Work request - Make an exact copy, from the records below, of the lines from the line containing "私は「フレンチトースト(税込" to the line containing "تحيا مصر، وكتب", both lines included, excluding pictures.

Data shown -

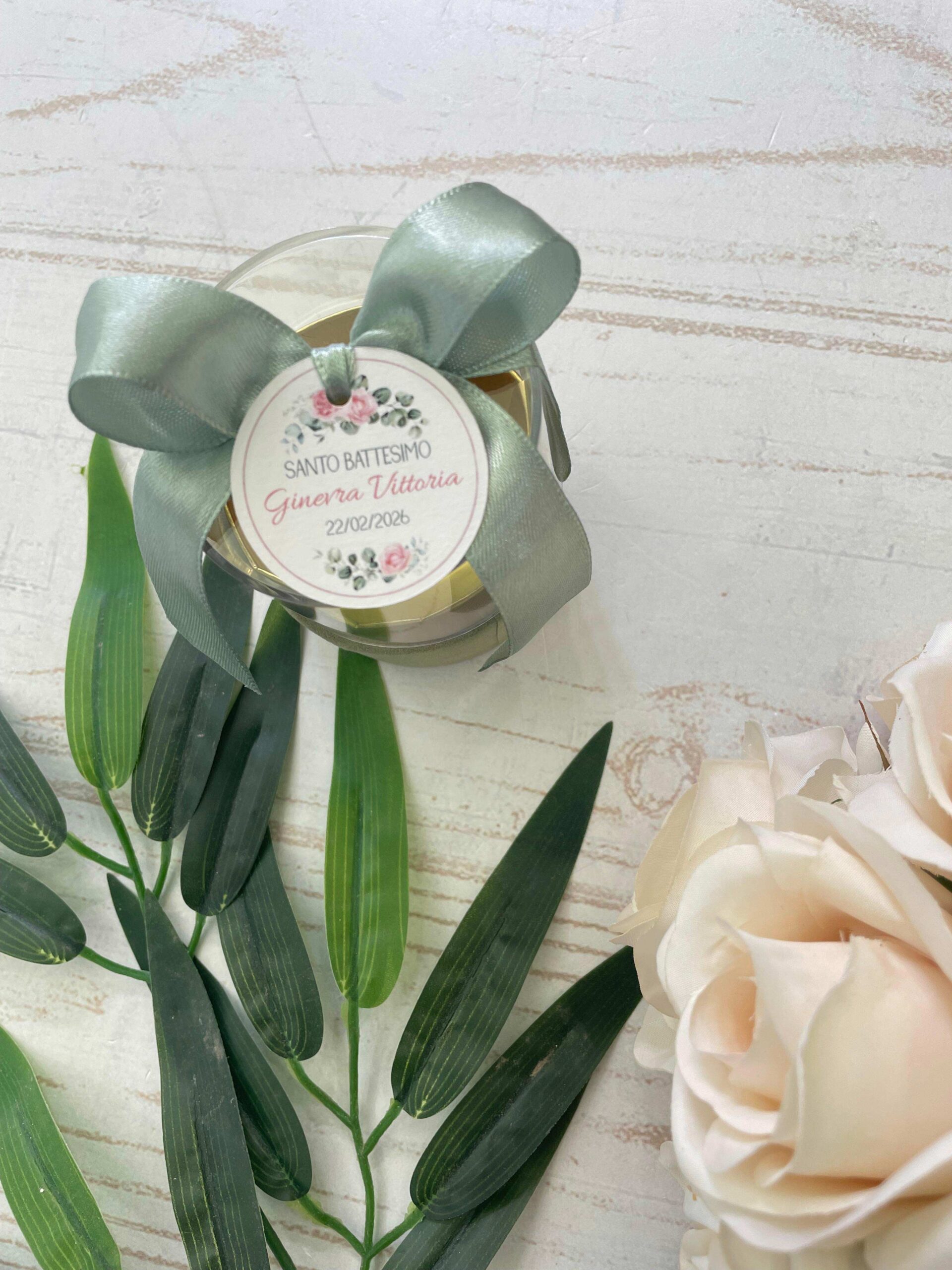 Il contenitore è completato da un coperchio trasparente, anch’esso caratterizzato internamente dalla stessa finitura dorata, che valorizza ulteriormente l’insieme mantenendo visibile il contenuto. A impreziosire la bomboniera è presente un nastro in raso color verde annodato a fiocco, applicato attorno al contenitore per un tocco elegante e delicato.
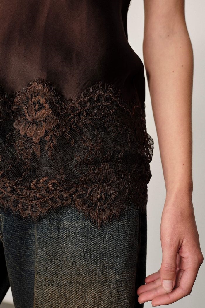 Herskinds signatur-lace top i et tidløst og elegant udtryk. Den glatte satin falder let og giver en feminin silhuet, mens de delikate blondekanter langs udskæring og søm tilfører et luksuriøst touch.
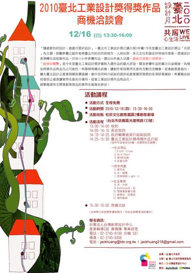 財團法人台灣創意設計中心,將於12月16日(星期四)下午13:30-16:00假台灣設計博覽會會場舉行「台北工業設計獎優秀作品商機洽談會」,邀請這次工設獎得獎作品及其他優秀的作品與廠商進行合作商機洽談,誠摯邀請有志開發創意商品的業者報名參加。
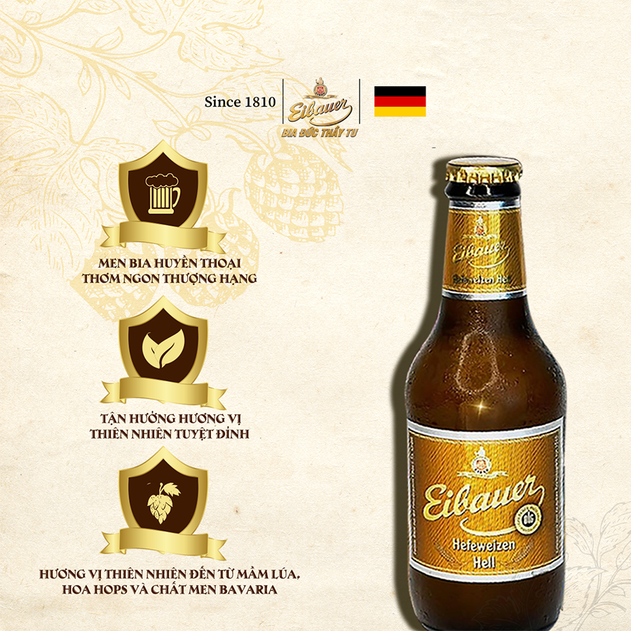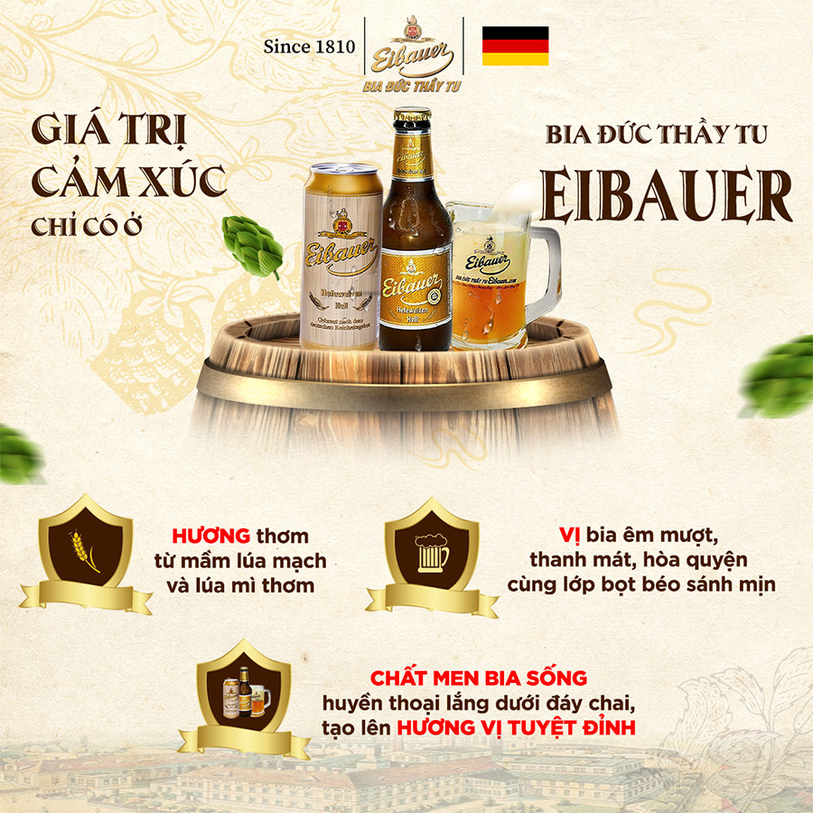 Đây chính là giá trị thực mà hơn 200 năm qua Bia Thầy tu Eibauer luôn hướng đến. Bia thầy tu vàng Eibauer có thành phần chủ yếu là mầm lúa mạch. Chỉ vài hớp cảm xúc rạo rực hơn rất nhiều. Đi làm căng thẳng mệt mỏi... chỉ với 1 lon bia, cảm giác vui vẻ hưng phấn lại dạt dào, năng lượng tích cực lại tràn trề. Thức dậy sảng khoái, đầu óc nhẹ nhàng, cơ thể mạnh mẽ - một thứ hương vị của cảm xúc đầy lịch lãm và tinh tế.
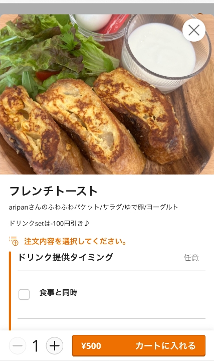 私は「フレンチトースト(税込500円)」のドリンクセットで「オレンジジュース(税込400円)」をチョイス。ドリンクセットは100円引きです。
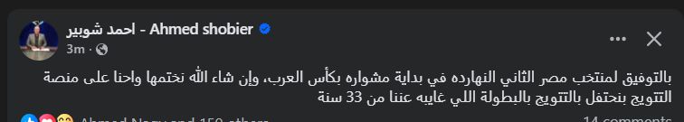 تحيا مصر، وكتب أحمد شوبير عبر حسابه الرسمي"فيس بوك": بالتوفيق لمنتخب مصر الثاني النهارده في بداية مشواره بكأس العرب وإن شاء الله نختمها واحنا على منصة التتويج بنحتفل بالتتويج بالبطولة اللي غايبه عننا من 33 سنة".
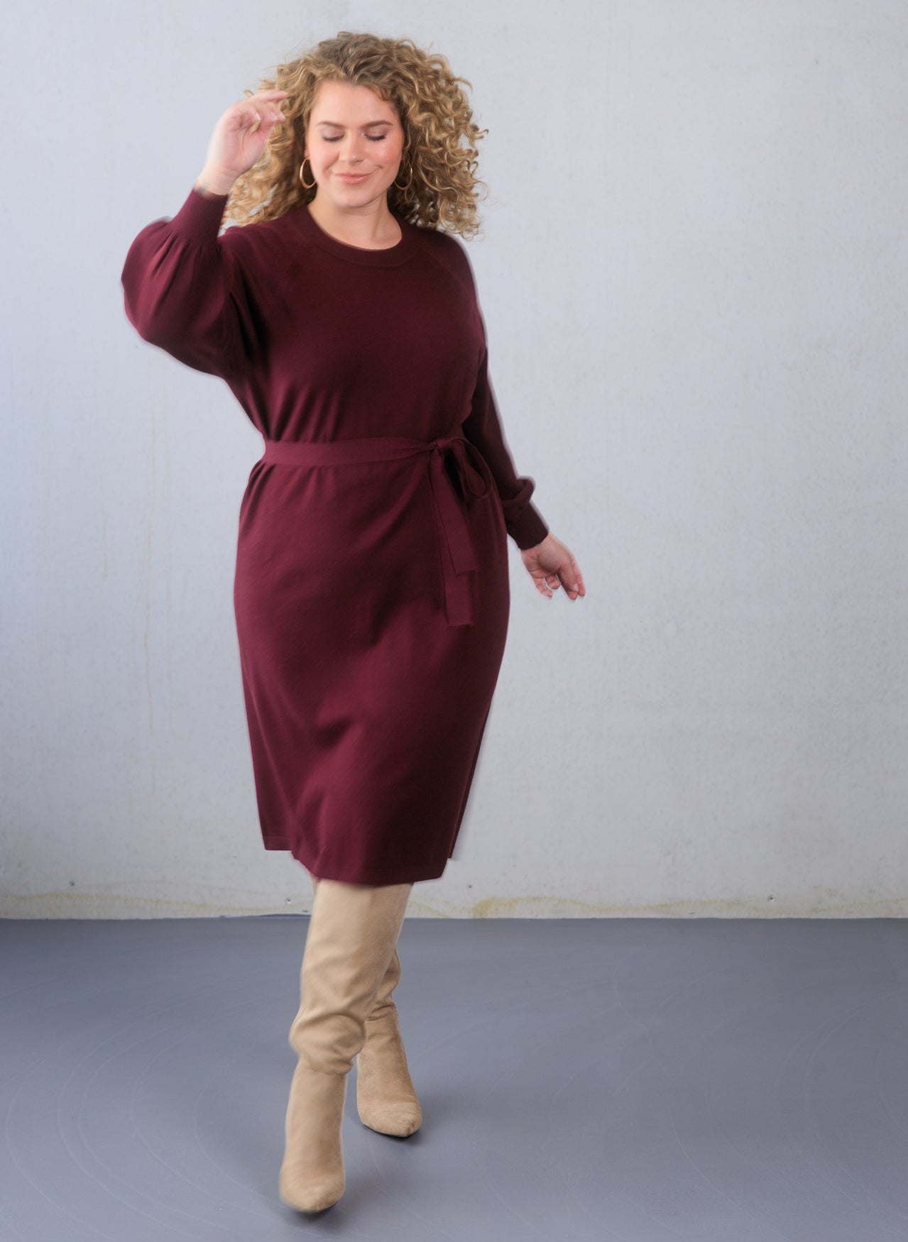 En skön stickad klänning med rundad hals och långa ärmar, det ingår ett bälte som du kan markera midjan med, styla den denna klänning med ett par höga stövlar och strumpbyxor.
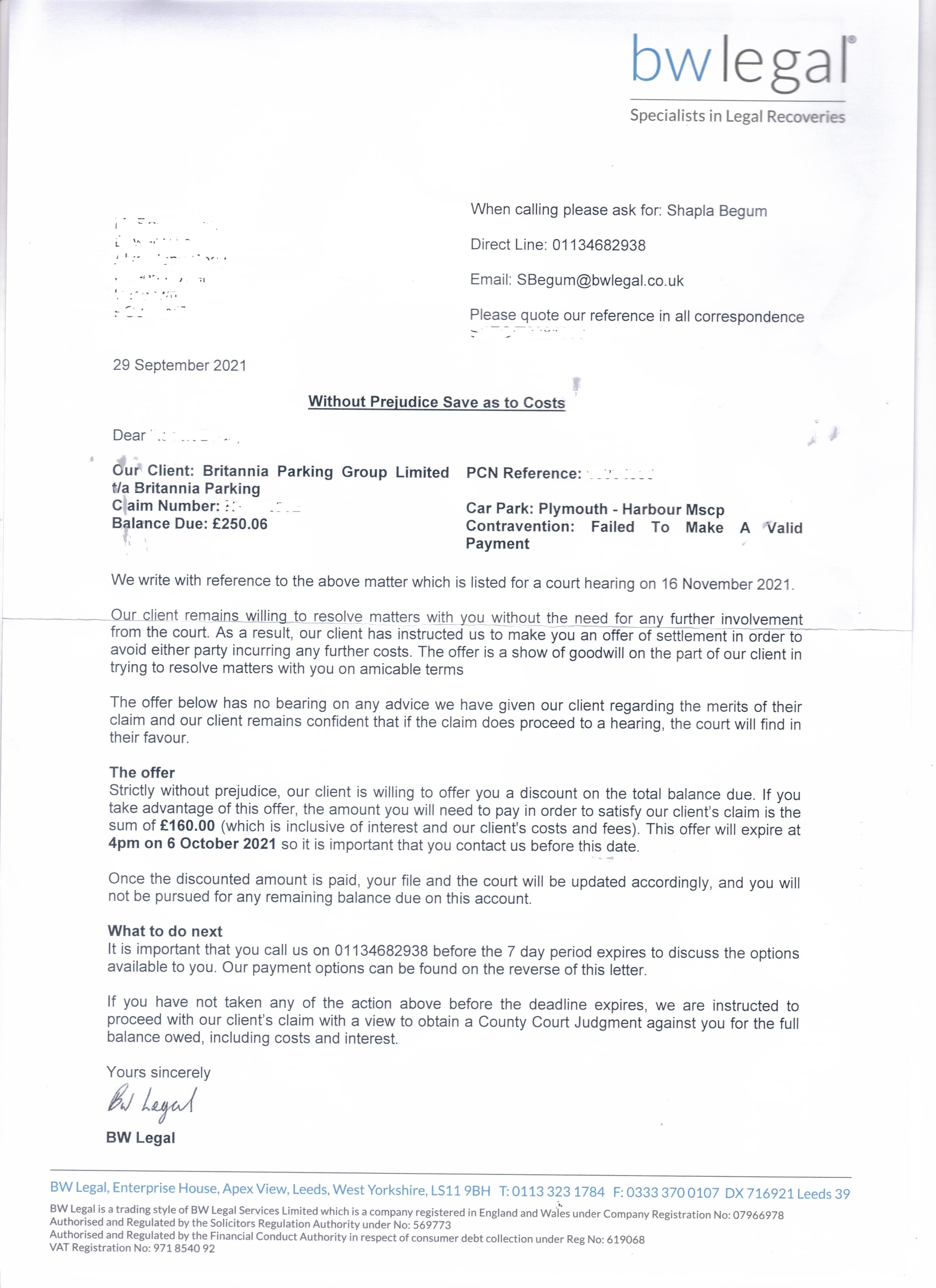 Hello again,A somewhat bewildered man in a wheelchair here, awaiting major back operation totally out of the blue on 22nd of this month, and thought i might keep my mind busy/occupied with one of my parking ticket situations. This being the latest redirected letter from B W Legal (why do i always associate these *~}+=(*&%&* with that unnerving buzzing sound you get around your ear in Summer, knowing something not good is on it's way) Sorry, waffling . . .They still send correspondence to our old address after repeatedly informing them we moved a long time ago, hence letter i received this afternoon looks like i have been somewhat lax in my response, one thing is for sure, with what has been happening to me in these past few months, these characters are quickly taking a back seat.I have only put this on for information/interest of anyone else who may have come across a similar letter/situation. I did find a few from Googling a similar site as MSE, and most had different outcomes, so i didn't really glean much information from any of them . . .I guess they will all be under different circumstances.Wasn't sure if these letters/offers were just pumped out by the hundreds as a hearing/court time approaches, or they think maybe get a % and walk away . . . possibly?Thanks once more . . .
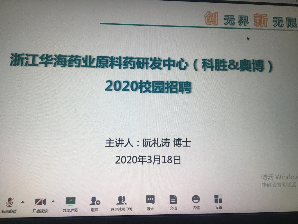 疫情期间,为实现校企无缝链接,深入推动公司毕业生实习就业工作,克服不能线下开展招聘会的困难,3月18日晚上,公司邀请了华海药业研发中心(上海)为公司100多名员工开展空中宣讲会。
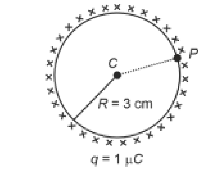 A thin spherical shell is charged by some source. The potential difference between the two points C and P (in V) shown in the figure is:
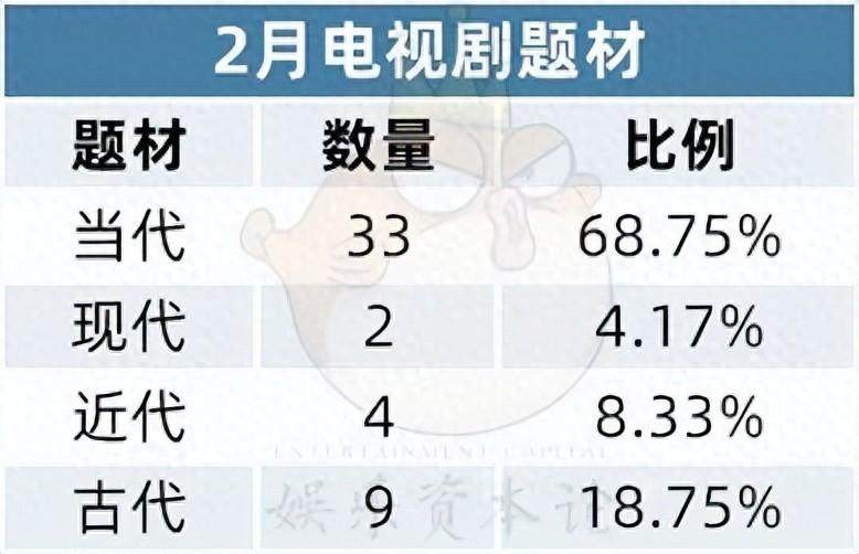 从数量上来看,本次备案的剧目数量较今年1月的52部减少4部,下降了7.69%;较去年2月的27部增加21部,同比增长77.8%。
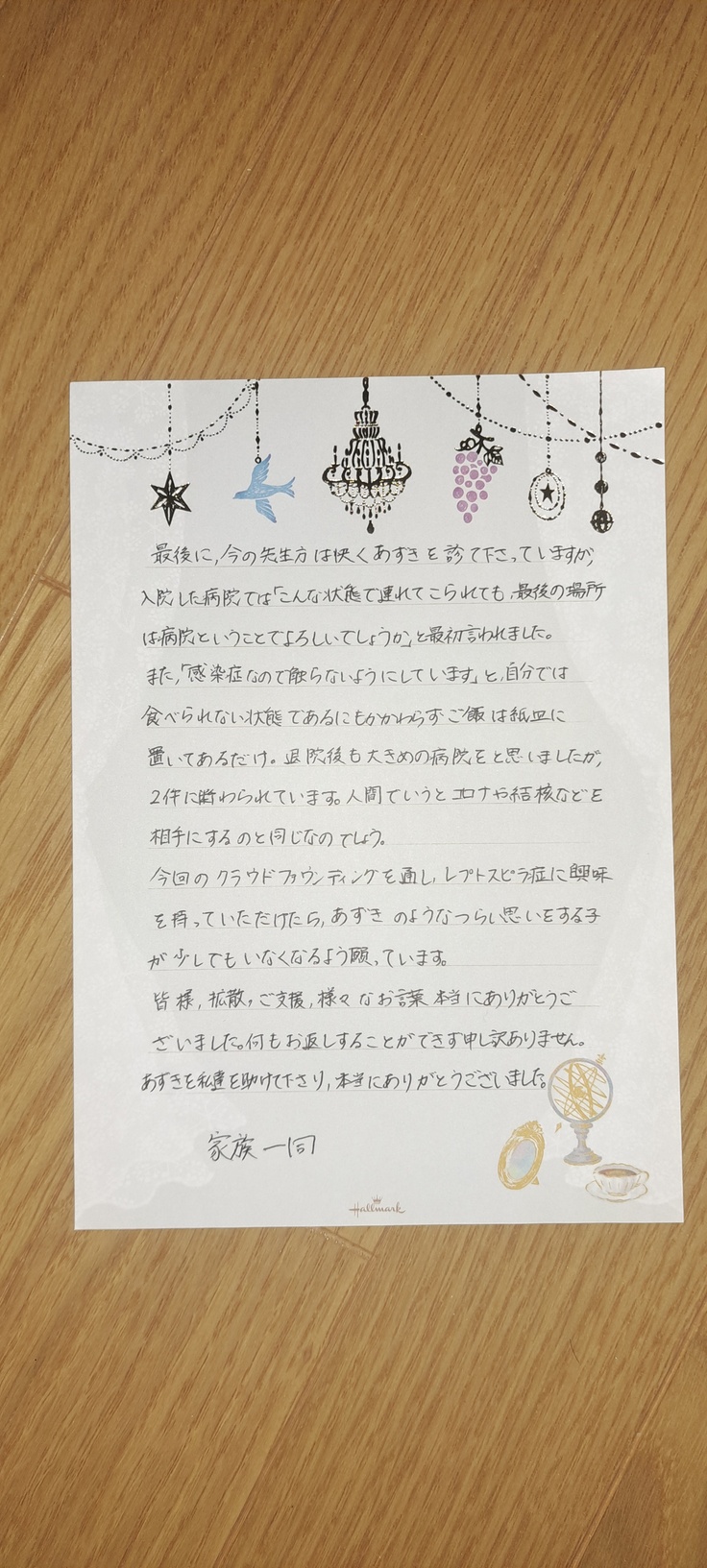 また遅くなりましたが、お礼の言葉を載せさせていただきます。
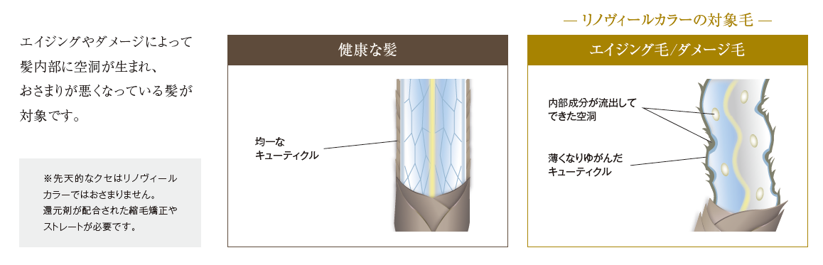 当店でも大人髪特有のクセやうねりの悩み需要に対応できる商品としてリノヴィールカラーを導入しました。
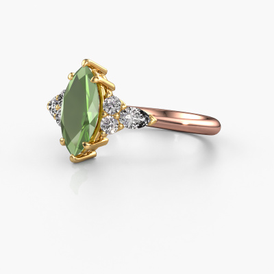 This 14 Carat rose gold ring is called Melani MRQ and is set with 11x5.5 mm tourmaline green. What is it that makes your relationship unique? What is it about her that makes you want to bend down on one knee? The unique bond between the two of you is emphasized by an equally unique ring. A one of a kind graceful cluster engagement ring made especially for her. That is why this trendy ring fits her like a glove. Each specific detail of this graceful rose gold tourmaline green set engagement ring is hand-picked, crafted and polished by our expert goldsmith. The result is an exquisite ring, unique and perfectly crafted to perfection. That is what our expert Goldsmiths strive for. This jewel is made just for you, with attention to detail and design.After receiving your order, our goldsmiths will passionately start the creative process of making your engagement ring in our own studio. Because we don't have a big stockpile, these costs will not be passed on to you. Our pricing is proof of that! We offer top quality jewels at lowest price, guaranteed.Do you have a specific ring in mind? One you came across somewhere. Please feel free to tell us your wishes and we will turn your design into a unique engagement ring. You can follow the development of your ring design because we use 3D drawings. This gives you a realistic preview of your design. We will gladly send you a non-binding offer, based on a fair price/ quality ratio. It will amaze you.To make it easier for you, we offer a 30 day return policy. Check our terms and conditions.
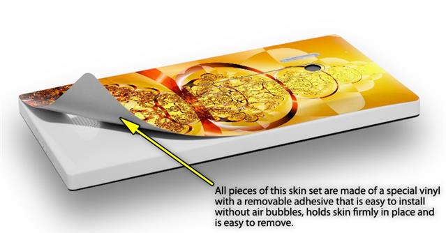 uSkins™ are self adhering vinyl skins that help prevent scratches and look great doing it. Unlike bulky silicon, plastic or metal cases and faceplates, uSkins are designed to be thin and very tough. uSkins are a composite of two layers of commercial grade materials. The bottom layer is a soft, flexible vinyl with a special removable adhesive that is easily positioned, applied without air bubbles, and effortlessly removed without leaving a sticky residue. Next we print the bottom layer with UV protected, fade resistant inks that deliver superb photo quality designs in vibrant colors. Finally we bond a professional grade laminate over the entire skin adding a glossy protective finish.
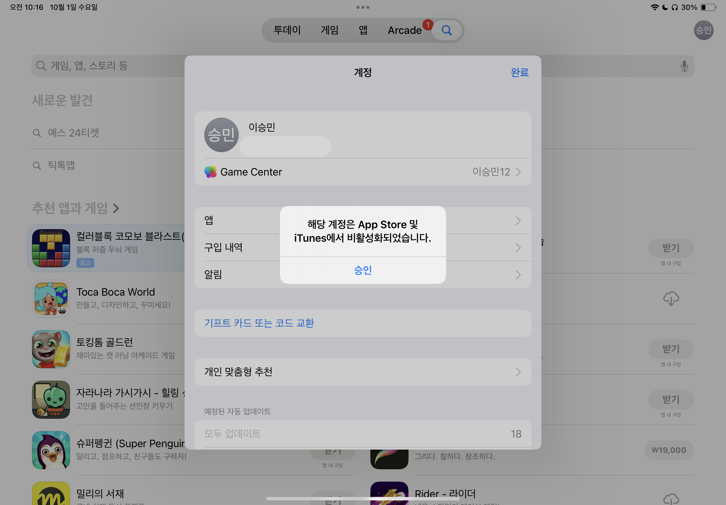 App Store 계정 비활성화됨
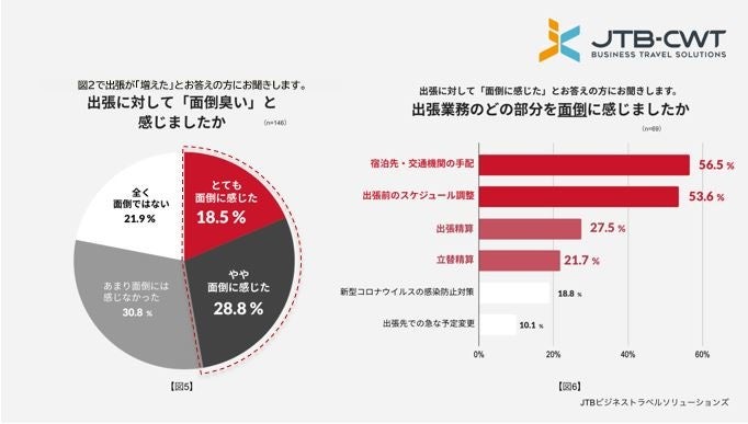 ◆出張回数が増えたことで47.3%が面倒になったと回答(図5)。原因は「宿泊先・交通機関の手配(56.5%)」「スケジュール調整(53.6%)」などの出張に関わる周辺業務(図6)。

Response -
 私は「フレンチトースト(税込500円)」のドリンクセットで「オレンジジュース(税込400円)」をチョイス。ドリンクセットは100円引きです。
 تحيا مصر، وكتب أحمد شوبير عبر حسابه الرسمي"فيس بوك": بالتوفيق لمنتخب مصر الثاني النهارده في بداية مشواره بكأس العرب وإن شاء الله نختمها واحنا على منصة التتويج بنحتفل بالتتويج بالبطولة اللي غايبه عننا من 33 سنة".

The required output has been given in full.